Mike,
Thank you for your response.
cause:
If hl.requireFieldMatch set to true,
DefaultSolrHighlight.getQueryScorer()
uses QueryScorer(Query,IndexReader,String) constructor in Lucene
highlighter.
Then the constructor calls getIdfWeightedTerms() to get an array of
WeightedTerm.
In getIdfWeightedTerms(), idf is calculated to get weighted terms.
And the calculated idf can be minus with un-optimized index.
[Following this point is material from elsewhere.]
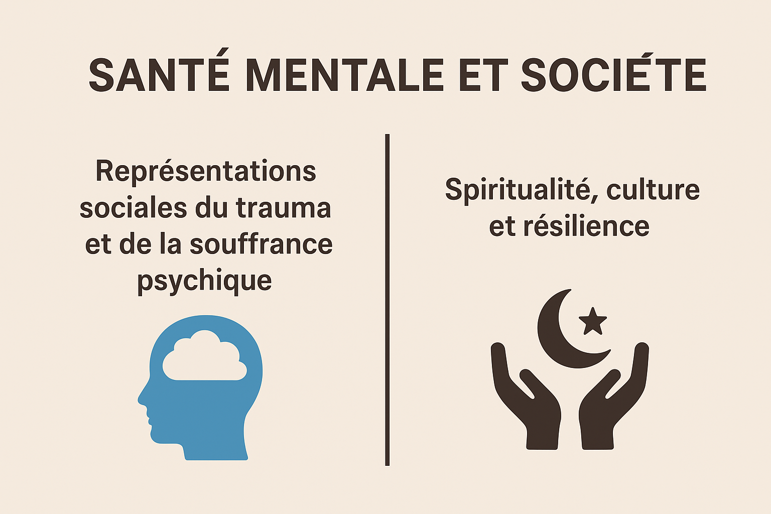 La santé mentale ne peut être comprise indépendamment du contexte social, culturel et religieux dans lequel vit l’individu. La manière dont une société perçoit la souffrance psychique et le trauma influence directement la manière dont cette souffrance est vécue, exprimée et traitée (Hobfoll et al., 2007). Dans le contexte algérien, par exemple, la souffrance psychique est souvent abordée à travers le prisme de la famille et de la communauté, qui jouent un rôle central dans le soutien émotionnel et social. La peur de stigmatisation peut amener les personnes à minimiser ou à cacher leur détresse, et la recherche d’aide se fait souvent dans un premier temps auprès des proches (parents, amis, cousins ...) ou des leaders religieux ( imams, cheikhs...), avant de consulter un professionnel de santé mentale (World Health Organization, 2020).

Okay, _this_ is the true bug. I don't see how lucene can return a
negative idf, optimized index or no.
I think that docFreq includes deleted docs count and this is Lucene's
feature.
This feature causes a negative idf, as long as the following fomula is used:
// o.a.l.s.highlight.QueryTermExtractor.java
float idf=(float)(Math.log((float)totalNumDocs/(double)(docFreq+1)) + 1.0);
Does DefaultSolrHighlight.getQueryScorer() use
QueryScorer(Query,IndexReader,String)
by design? If no, I'm happy to open a ticket.
Indeed it is by design: this is how requireFieldMatch is implemented,
as the lucene highlighter will require the field to match as well as
the term. A consequence of this is that the idf's as also folded into
the score, which is triggering the bug you are seeing.
Can we use QueryScorer(Query,String) instead of
QueryScorer(Query,IndexReader,String) to implement
hl.requireFieldMatch=true? I've opened SOLR-517 to follow up this problem.
Thank you,
Koji